- Information shown
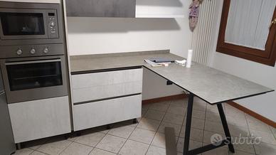 Come da oggetto, vendo causa trasloco, come nuova. Composta da 2 blocchi contrapposti ma comunque affiancabili. Colonna forno microonde+tradizionale. Cappa Faber+induzione. Lavello con rubinetteria speciale per erogazione acqua con depuratore Aqualife Gold slim sottoscocca (incluso). Smontaggio e rimontaggio a carico dell'acquirente. Possibilità di aggiungere anche frigorifero stand-alone.
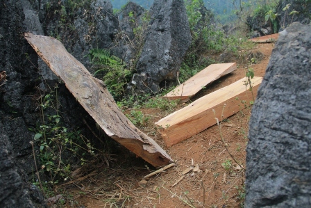 | Mặc dù có kiểm lâm bám địa bàn thường xuyên, song tình trạng khai thác nghiến ở huyện Thông Nông, tỉnh Cao Bằng vẫn diễn ra như chỗ không người, thậm chí có đến hai ngôi nhà sàn 100% nghiến được dựng lên nhưng kiểm lâm không hề hay biết. |
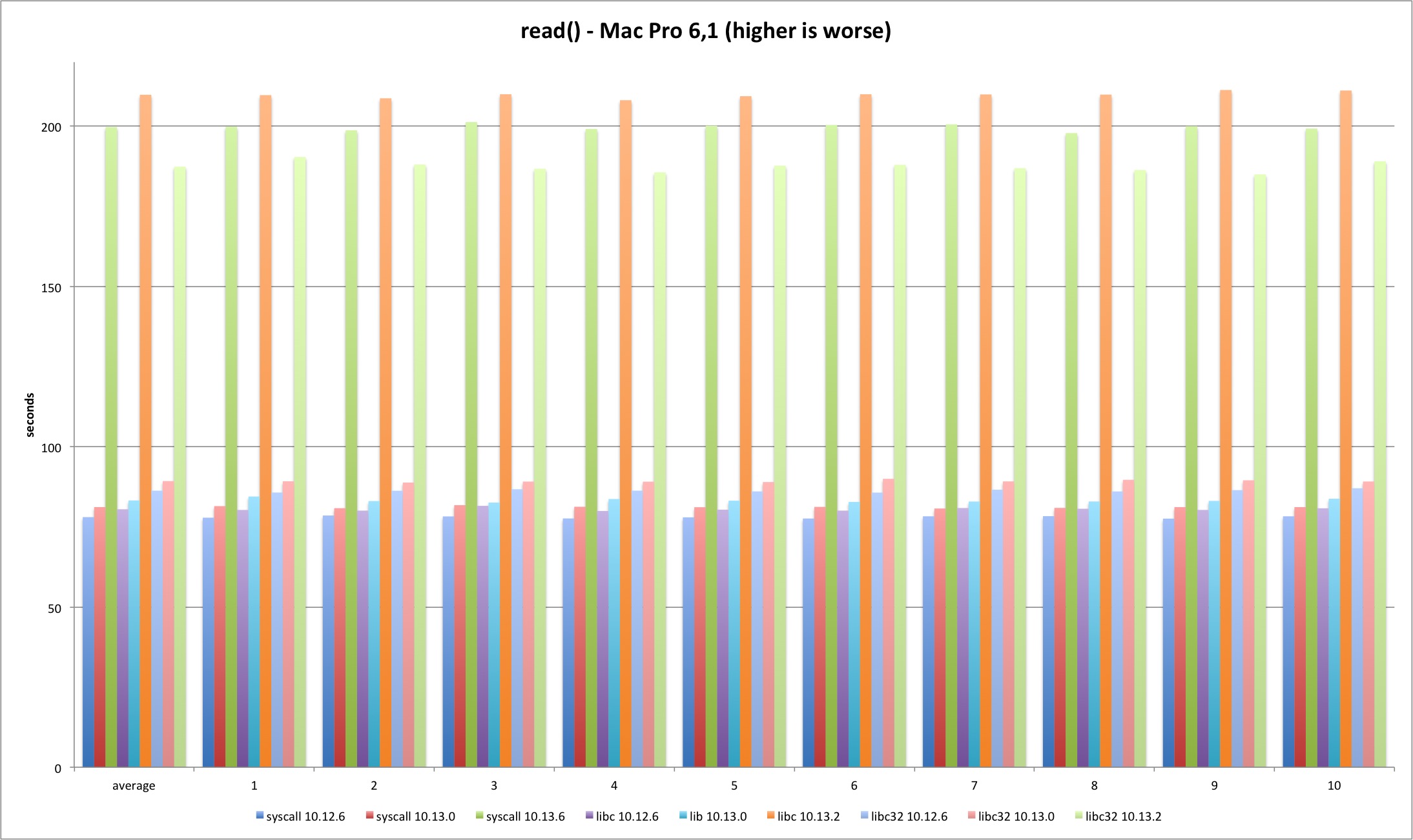 Next is the read syscall. The same loss pattern is observed on all tests although the loss is now around 140%. This time there is no visible improvement from Sierra to High Sierra (the test runs much longer so startup overhead is irrelevant). In 10.13.2 the 32 bits libc binary is faster than the other tests on both machines. Why?
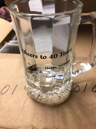 I have a case of 12 monogrammed 15oz glass beer mugs for sale. They say Happy 40th Birthday Gene. If interested email or text me at
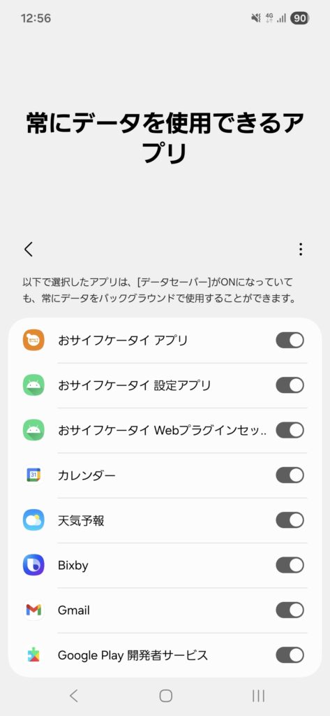 常にデータを使用できるアプリで有効になっているアプリがモバイル通信中でも常に通信ができるようになります。
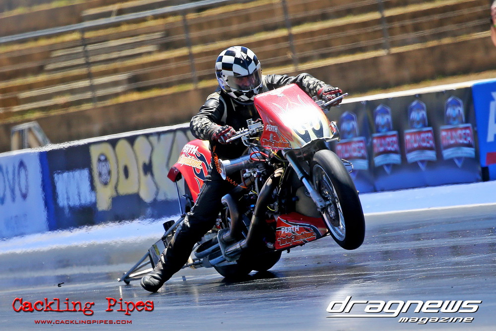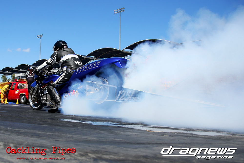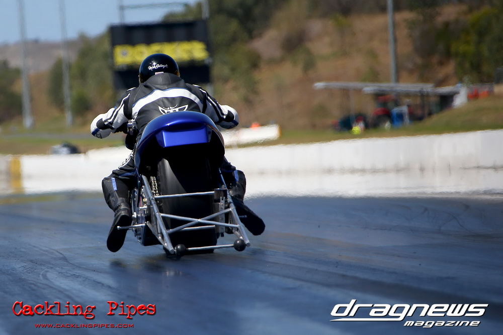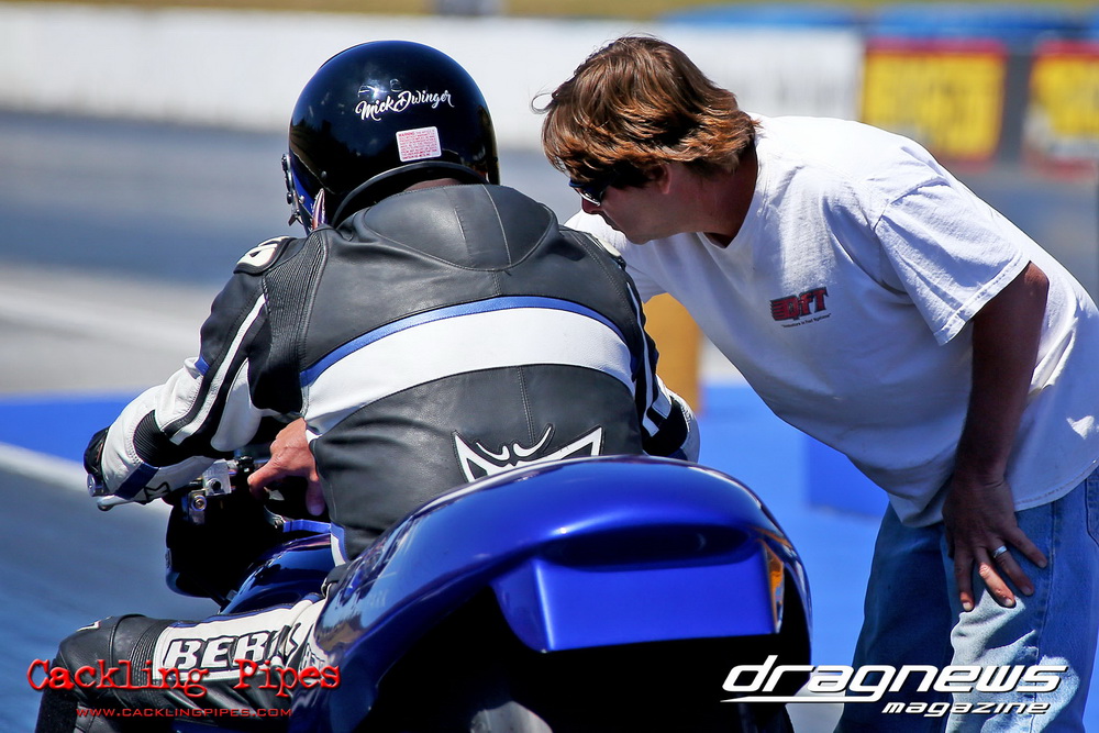 Michael Dwinger is aiming to license his nitrous sucking Top Bike and a few solid mid seven passes have the team going in the right direction as Dwinger still feels out the new bike.

- What you should do
Please output exactly the lines of the data above, from its first line through the line with "Next is the", and nothing else; drop the pictures.

- Answer space
 Come da oggetto, vendo causa trasloco, come nuova. Composta da 2 blocchi contrapposti ma comunque affiancabili. Colonna forno microonde+tradizionale. Cappa Faber+induzione. Lavello con rubinetteria speciale per erogazione acqua con depuratore Aqualife Gold slim sottoscocca (incluso). Smontaggio e rimontaggio a carico dell'acquirente. Possibilità di aggiungere anche frigorifero stand-alone.
 | Mặc dù có kiểm lâm bám địa bàn thường xuyên, song tình trạng khai thác nghiến ở huyện Thông Nông, tỉnh Cao Bằng vẫn diễn ra như chỗ không người, thậm chí có đến hai ngôi nhà sàn 100% nghiến được dựng lên nhưng kiểm lâm không hề hay biết. |
 Next is the read syscall. The same loss pattern is observed on all tests although the loss is now around 140%. This time there is no visible improvement from Sierra to High Sierra (the test runs much longer so startup overhead is irrelevant). In 10.13.2 the 32 bits libc binary is faster than the other tests on both machines. Why?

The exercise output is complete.